As Schneider said: “Think of it like HR for digital workers: what’s their impact, where do they add value, and how do we measure success?”
After all, digital agents don’t behave like humans. They’re 24/7, always on. That means they require different performance standards and management models, which Salesforce and its customers need to think through.
Alongside analytics, Salesforce can go further to improve the setup and development of agents, per Schneider. He said:
Right now, it’s easy to create an agent, but we need more mature tools to optimize prompts and reduce trial and error. They’re working on that, but there’s much more to come.
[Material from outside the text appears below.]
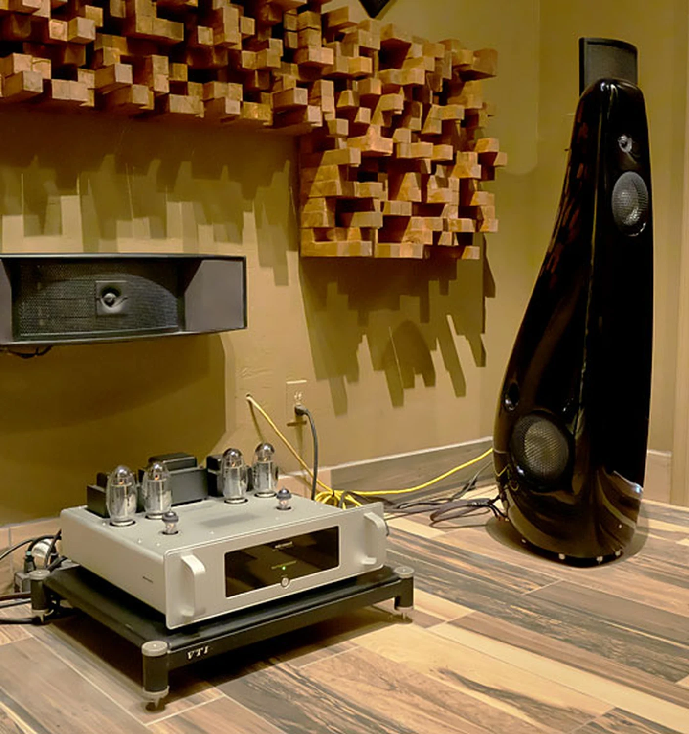 Dans une rare occurrence, la salle d’écoute était remplie d’amplificateurs. L’amplificateur Bryston 4B-SST2 de confiance que je possède, l’amplificateur stéréo Audio Research VT80 SE actuellement en test, et plus tard dans la période de test ; une paire de puissants amplificateurs mono Pass Lab X260.8. Mes connexions étaient avec un câble haut-parleur Audioquest Rocket 44 standard, directement depuis l’amplificateur de mon choix. Quel amplificateur utiliser ? Je sais. Parfois, la vie est dure. L’amplificateur Audio Research VT80 SE était déjà en place, donc il aurait le plaisir de faire le burn-in. Les Vivid Audio Kaya 45 sont classés à 6 Ohms (2,8 Ohms min), avec une recommandation d’amplificateur de 25 à 500 Watts. Chacun des trois amplificateurs disponibles correspondrait à ces spécifications. Les Kaya 45 ont une sensibilité signalée de 87 dB/W/m à un mètre sur l’axe et une plage de fréquence de 37 Hz à 25 kHz.
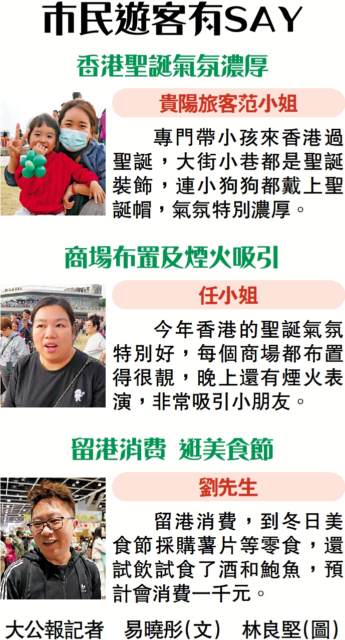 市民任小姐選擇留港消費,她說,感覺今年香港的聖誕氣氛特別熱鬧,街上的遊人較往年多,各處的裝飾很漂亮,商場內有很多吸引小朋友的聖誕布置,她希望去每個商場打卡。她表示,「難得一年一次聖誕節,晚上亦會帶小朋友們食大餐,買聖誕禮物,預計消費近5000元。」

3. Salesforce Steps Toward AI Agents That Act Like Humans at Scale
From the Command Center, teams can evaluate all agent interactions, analyze specific engagements, and track agent health. They may even gain recommendations to improve individual agents.
These optimization capabilities help brands safeguard autonomous agents, ensuring they deliver accurate, cost-effective, and safe results.
With these safeguards, brands can start deploying hybrid digital agents. These may function like live employees, drawing from Salesforce, other apps, and workflows.
When paired with consumption-based pricing, moving toward value-based pricing, there is a significant shift towards scalable AI agents that can act like humans.
4. Innovation Fatigue Is a Real Issue
Agentforce 3 is the third iteration of the platform in little more than nine months. That underscores how innovation is outpacing adoption, not just in regard to Salesforce but across the entire enterprise technology space.
Indeed, many customers want to pause and assess the ROI before diving into the next wave of change, according to Schneider. But, there’s no let up from their providers.
“Enterprise buyers don’t always move at the speed vendors expect,” he said.
From our end, we hear users asking: “Should I even adopt this now, or wait for the next iteration?” It’s like when we moved from tapes to CDs; if you waited long enough, you got to streaming. So, that hesitation is real.
Salesforce has done an excellent job of releasing versions of Agentforce with prebuilt skills and actions for specific industries and departments, which has flattened the learning curve.
The release of cross-provider, agent-to-agent flows will help further, particularly as brands consider multi-agent orchestration. Putting these pieces together across the tech ecosystem will help close the learning gap. Nevertheless, Salesforce and its competitors should stay grounded in the day-to-day reality of enterprise transformations.
5. Salesforce Positions Itself as “Prime-Time Ready”
Whether it’s Salesforce, ServiceNow, or Microsoft, everyone’s trying to get customers to prioritize their platform as the foundation for AI agent development. After all, a business can only build so many agents with limited resources.
So, Salesforce CEO Marc Benioff’s push is: build with us first, because we’re ready. We’ve got the trust layer, we’ve got the tooling, and we’ll support you.
Everyone’s essentially saying a version of that. But, by making more noise with another Agentforce release, Salesforce positions itself as “prime-time ready.” That way, when companies start building and connecting agents, they are more likely to think of it first.
Salesforce’s slew of Agentforce customer case studies also helps here, as the vendor has done more than its rivals to showcase real customers achieving real results.
Additionally, as Schneider noted, “Salesforce users tend to be influential people in their organizations, heads of sales, CMOs, decision-makers who want results fast. So, it makes sense for Salesforce to target those folks first and prove out these agent-based use cases.”
Now that it has engaged these users, it’s turning its attention to developers, widening its appeal with Heroku and Slack support in the Agentforce 3 release.
Salesforce will likely market more of these features to the IT community, understanding this is critical to long-term, enterprise-wide adoption.
As the company confirmed a move into ITSM, this is likely just the start of a much bigger push.